In case of subcellular organelle proteomics, the advantage lies in the fact that greater amplification of a small section of cellular proteins leads to the identification of low abundance proteins which would otherwise be difficult[22]. Proteomic studies have indicated the involvement of mitochondrial pathways for TCA cycle either by the cycle enzymes or via NADH[23,24], fatty acid oxidation and oxidative phosphorylation to be altered during various forms of cardiac failure[24]. Phosphoproteome analysis of the mitochondrial proteome provides further insights into the above mentioned processes and the post translational modifications (PTMs) of the concerned proteins[22]. One study has devised a proteomic approach that best covers the maximum repertoire of mitochondrial proteins[25]. They have found that SDS-PAGE followed by LC-MS/MS provided the best coverage of the mitochondrial proteome. Distinctions between mitochondrial proteome are also made based on the location- subsarcolemmal and inter fibrillar. Most work has been done with subsarcolemmal mitochondria. Mitochondrial phosphoproteome is being explored to acquire better understanding of the role of mitochondrial processes in heart failure[26,27]. One study using a rat model of human congestive heart failure has mapped 26 mitochondrial proteins which show phosphorylation in 39 sites characterized by 42 phosphopeptides[26]. Among the proteins changed by phosphorylation are pyruvate dehydrogenase E1 component subunit α (PDHE1α) of the pyruvate deydrogenase complex, long chain acyl- COA dehydrogenase (LCAD) of the βoxidation machinery, ATP syntheses α of the respiratory complex V, translocase of outer membrane 70 kDa subunit (TOM 70), voltage dependant anion channel 1 (VDAC1), creatine kinase S type and aconitate hydratase among others. All these proteins are members of important functional networks implicated at various times in heart failure and other cardiac diseases. This data renders it easy to focus further study on the particular proteins that have been modified by phosphorylation.
To have a reference data set to which the change in phosphoproteome can be compared, one study has evaluated the unstressed healthy murine models to elucidate 236 phosphosites belonging to 181 phospho proteins which include proteins of all major mitochondrial pathways[28].
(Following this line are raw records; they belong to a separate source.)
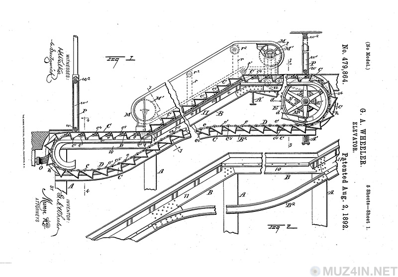 "Elevator" («Подъёмник») Джорджа Уилера, запатентованный 2 августа 1892 года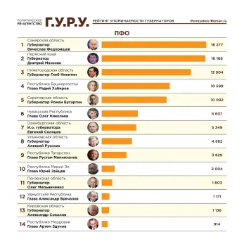 Так, Вячеслав Федорищев по итогу марта собрал 16 277 упоминаний в каналах, разместившись на первом месте в рейтинге упоминаемости в Приволжском федеральном округе. Также он занял седьмое место в общем рейтинге упоминаемости губернаторов и седьмое место в топе по индексу активности аудитории.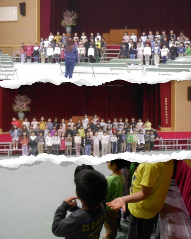 今日は1年生が4月の入学式にむけて「お祝いの言葉」の練習をしていました。新1年生に新北島小学校の楽しいところや良いところを知ってもらうために、一生懸命に練習しています。「友だちになるために」を手話をして大きな声で歌っていました。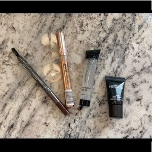 This is a pack with makeup, makeup bags, brushes, and face masks.
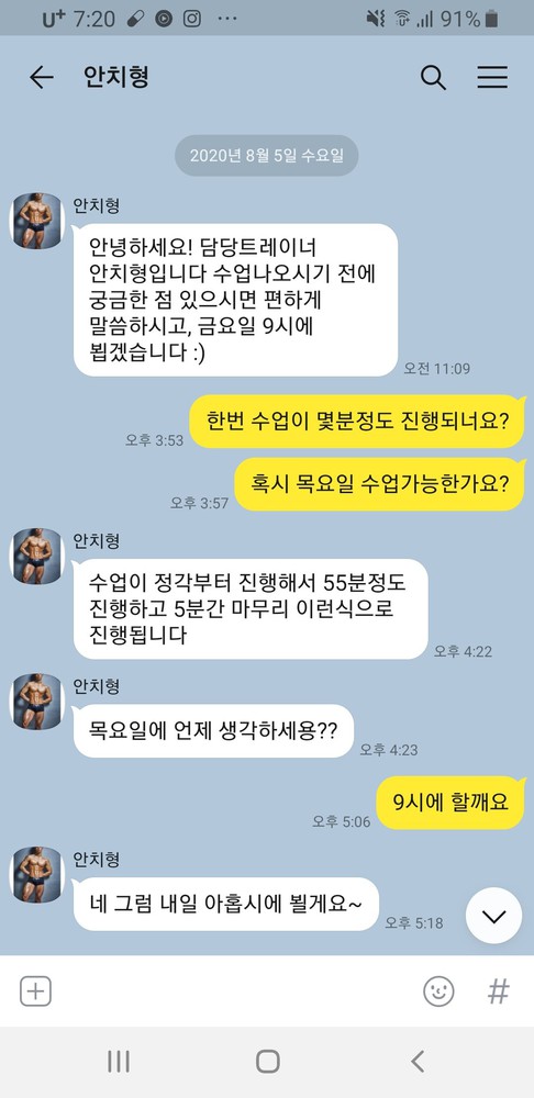 여러곳의 PT를 받아봤지만 너무 무리하거나, 체계적이지 못하거나, 소홀한 느낌이 들거나 하는 등의 이유로 재등록을 하지 않았지만 선생님 만나고는 운동하는게 거부감이 없고, 편하고 체계적으로 몸이 변하는걸 느껴서 꾸준하게 운동하는 중입니다! 감사해요 !몸도 운동하는 마음도 변하게 해주셔서! 알라뷰요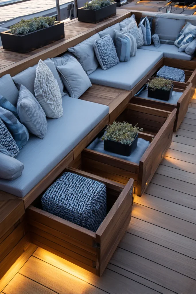 This deck seating area features deep built in benches with generous pull out storage drawers underneath. Soft blue cushions and textured pillows add a relaxed coastal feel, while subtle lighting keeps everything warm and inviting.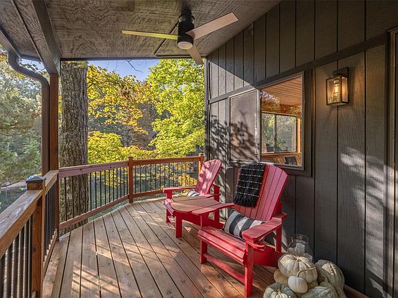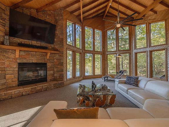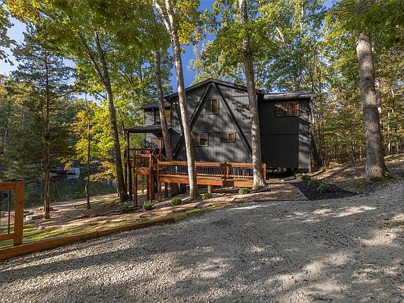 This stunning, fully furnished 4 bed and 2 bath lakefront chalet offers the perfect getaway. Set on a serene 20-acre lake and boasting a private lakeside dock, sandy beach, and cozy firepit for those relaxing evenings by the water. In September, the exterior was refreshed with a new roof and fresh paint, ensuring it’s in pristine condition. A storm shelter adds safety, while the large storage shed with electricity provides ample space for storing a golf cart or other gear. Inside, the vaulted great room showcases breathtaking views of the lake and surrounding forest, creating an inviting and peaceful atmosphere. The kitchen (with newly installed granite counters and appliances) features an oversized breakfast bar. The four spacious bedrooms provide plenty of room for family and guests. Entertain inside or out with room for any sized crowd! Ready to move in, this lakefront retreat offers the ultimate blend of comfort and outdoor adventure, waiting just for you!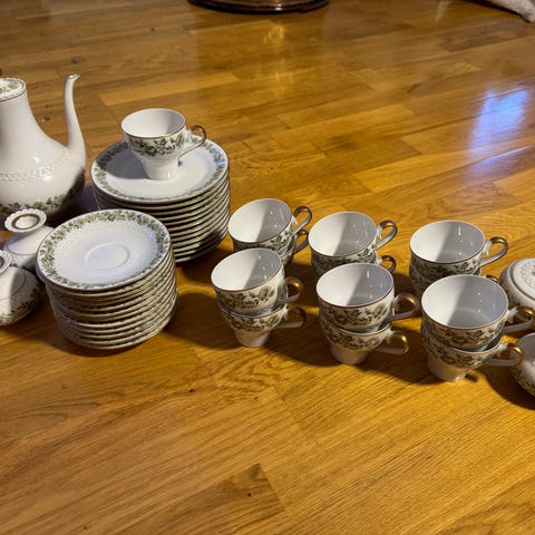 Et eldre tidløst kaffeservise med 7 kuverter med kvalitetsporselen og med gulldekor fra svenske Hackefors. Alle deler er hele og pene, uten noe bruksslitasje. Ut fra det grønne stemplet, er disse kuverten fra mellom 1940 og 1960. Koppene er ca. 7cm høy, og diameter på toppen ca. Ø7,5cm, asjettene er ca. Ø17cm, skålene eller tefatene er ca. Ø13,5cm.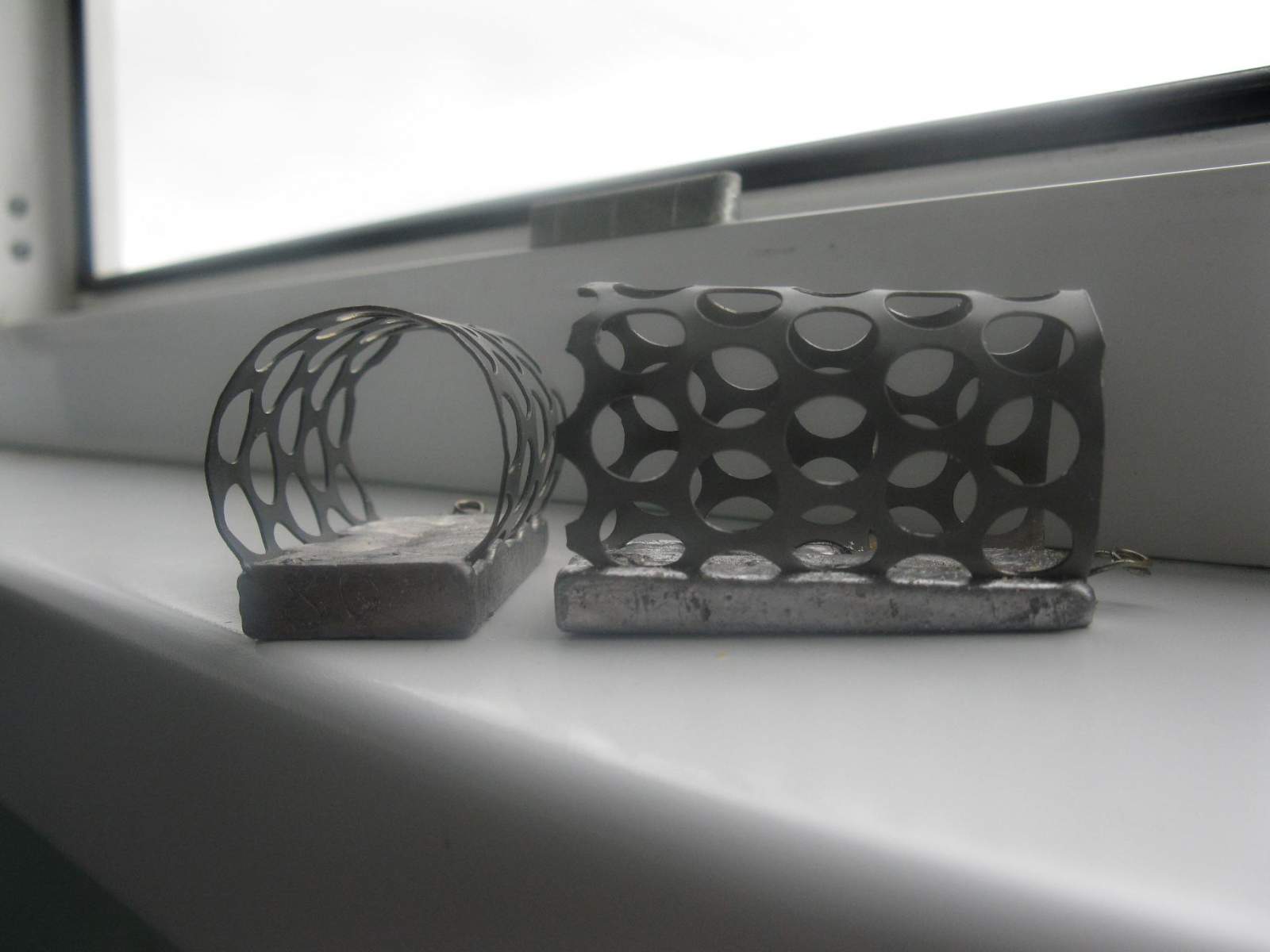 Я делаю вот такие кормушки. Особенности: центр тяжести смещен, за счет перераспределения свинца. Благодаря этому кормушка стабильно летит и при вытягивании быстро подрывается в верхние слои воды. Также хороший подъем дает плоская сетка самой кормушки. Да и площадь грузика достаточно большая относительно размера кормушки.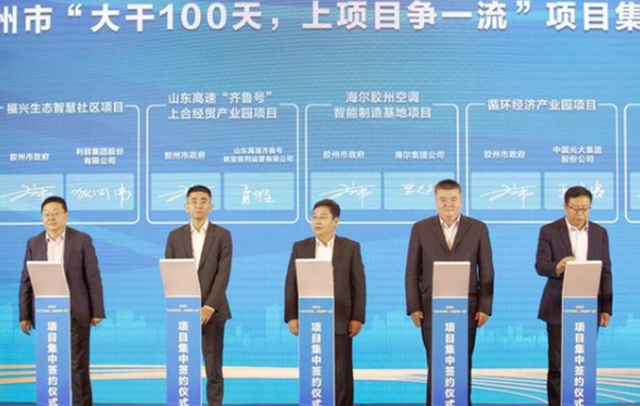 11月26日上午,青岛胶州市举行“大干100天,上项目争一流”项目集中签约仪式。此次集中签约共有29个项目,投资总额约605.5亿元。其中,胶州市人民政府与青岛海尔空调电子有限公司签订战略合作,海尔胶州空调智能制造基地项目正式落地胶州。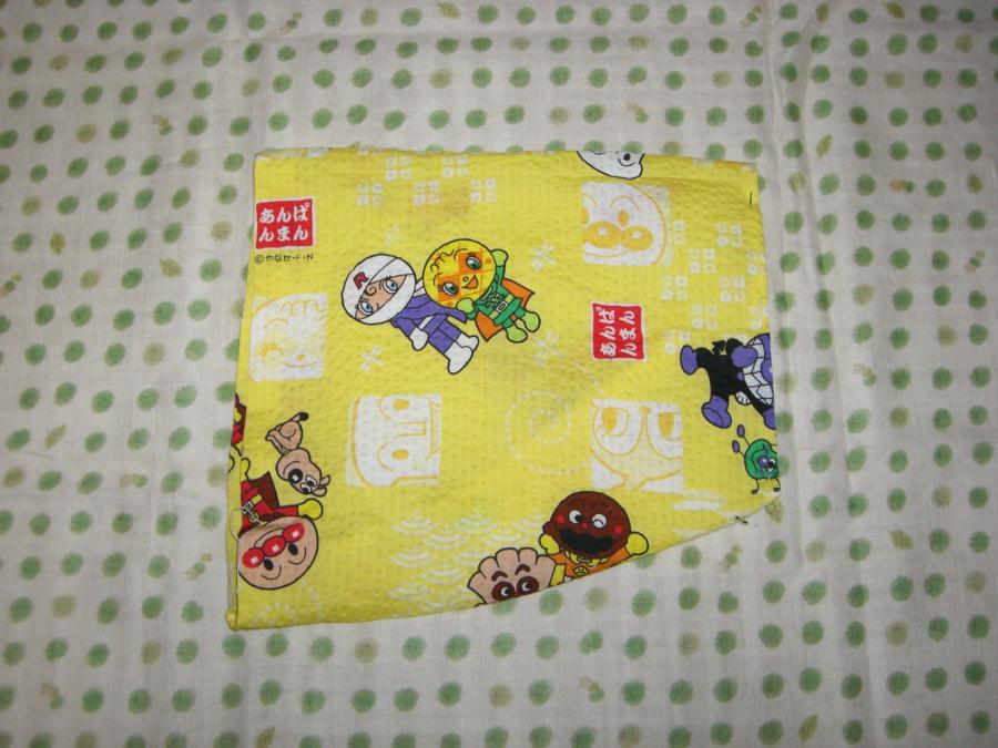 先日ぴー太郎王子に縫った産着の、アンパンマンの残り生地で何か作れないかと、先生に相談してみたところ、前回よりは小さくなるけれども、もう一枚産着を作る事になりました。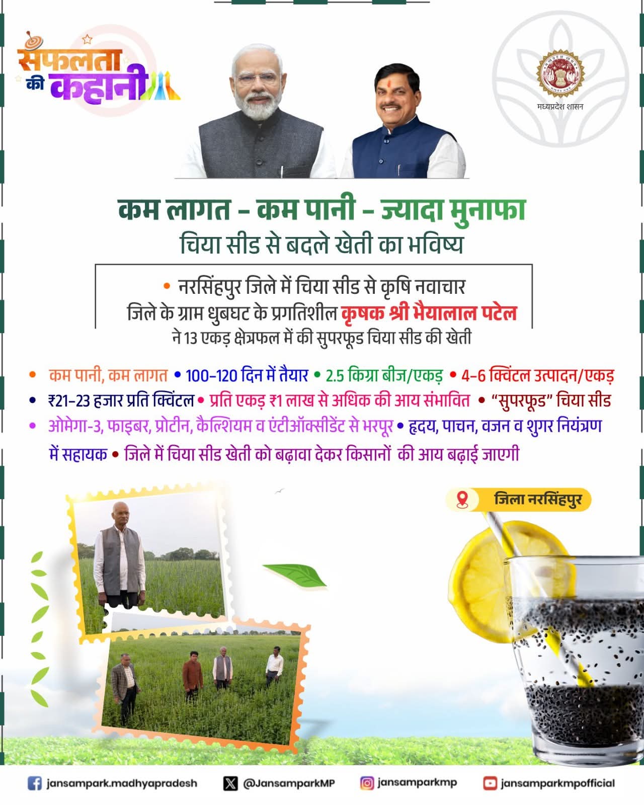 जिले ग्राम धुबघट के प्रगतिशील कृषक श्री भैयालाल पटेल ने 13 एकड़ में की सुपरफूड चिया सीड की खेती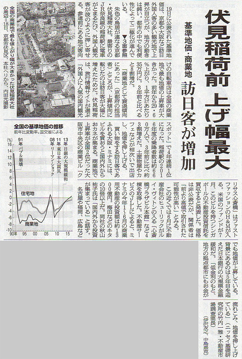 2017.9.20 ASA注目記事 カテゴリー: ピックアップ 本日は朝日新聞朝刊から、「伏見稲荷前 上げ幅最大(2017年9月20日版 [48781号] 第8面)」の記事をオススメします。 2017年9月20日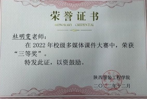 杜明雯老师在2022年校级多媒体课件大赛中荣获三等奖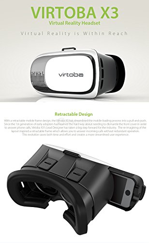 -. Feature : Retractable Design: With a retractable mobile frame design, the Virtoba X3 has streamlined the mobile loading process into a pull-and-push / Heat Dissipation: Apart from the cabinet cover's sliding design, the multi-vent shell also facilitates the dissipation of heat. This allows the device to extend its lifespan as well as providing additional comfort to the wearer for both short and long-term usage. / Earphone Jack: Are you feeling anxious about a possible compromise in the auditory experience? Rest easy audiophiles! Ideally placed bullet holes added to both sides of the Virtoba X3 function as the earphone jack depending on user preference. Just plug in your earphone into either of the ports available and you are ready to go! Escape from the hustle and bustle, immerse yourself in a P.R.Ivate 3D virtual reality dreamscape. / IPD & Focus Adjustment: IPD and Focus can be adjusted to adapt to your eyes. IPD adjustment function enables the distance between the lenses to correctly match every user's interpupillary distance (the distance between the centers of the pupils in both eyes) to have extended range. / Adjustable Head Strap | Space reserved for myopia glasses | Compatible with 4.7in - 6in Mobiles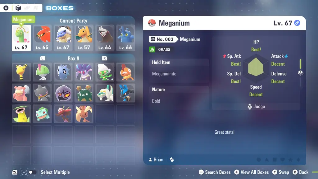 To check your Pokémon's IVs in Legends Z-A, you first need to unlock the Judge function. This is done by completing the main story and then going into your boxes will.

Cardiac myofilament subproteome
The cardiac myofilament has also been a subject of interest as it is the major contractile apparatus of the cell. Myofilament proteins like myosin, actin, titin are implicated in heart failure. The myofilament phosphoproteome was studied in a rat heart model treated with endothelin1 and isoproterenol; potent inducers of myofilament phosphorylation. The study found an excess of 600 proteins to be phosphorylated other than several known proteins in the myofilament sub proteome. In particular, Isoproterenol treatment showed a shift in the subcellular localization of protein phospahatase 2A regulatory subunit B56α[29]. In another study the myofilament sub proteome was studied in case of acute MI in a swine model to reveal that there was a significant reduction in phosphorylation of important myofilament proteins like cardiac troponin I, myosin regulatory light chain and enigma homolog isoform 2[30].
Redox proteomics
The redox status of the cell dictates the health and optimal functioning of proteins in the cell. An imbalance in this redox status leads to the formation of harmful free radicals and reactive oxygen species that have been decisively established as major causative factors behind cardiac diseases like myocardial infarction, ischemia-reperfusion injury, coronary heart disease, heart failure and even hypertrophy. Thus proteomic approaches have targeted the redox state of proteins to find out the globalscenario during such cardiac diseases. A study has found that protein carbonylation, a result of oxidative stress, is increased in the myocardium during heart failure with M-type creatine kinase (M-CK) being the most affected. α cardiac actin is also affected to a lesser degree. They attempted to explain the defects in energy metabolism during heart failure based on their findings of loss of function of M-CK due to its increased carbonylation[31]. In case of ischemia-reperfusion, a study has found evident oxidative stress by increased accumulation of protein carbonyl. They found that thiol oxidation occurred mainly during ischemia or early reperfusion. Longer reperfusion led to reversal in thiol oxidation. Proteins involved in important heart functions like the proteins of the electron transport chain complexes- I, II, III, ATP synthase, long chain acetyl COA dehydrogenase and sarco/ endoplasmic reticulum Ca2+ ATPase (SERCA) showed oxidation of their thiol residues. It was concluded from the study that most oxidative changes were reversible up to certain duration in ischemia-reperfusion. However, increased protein carbonyl formation could be deleterious to the ischemic heart subjected to reperfusion[32].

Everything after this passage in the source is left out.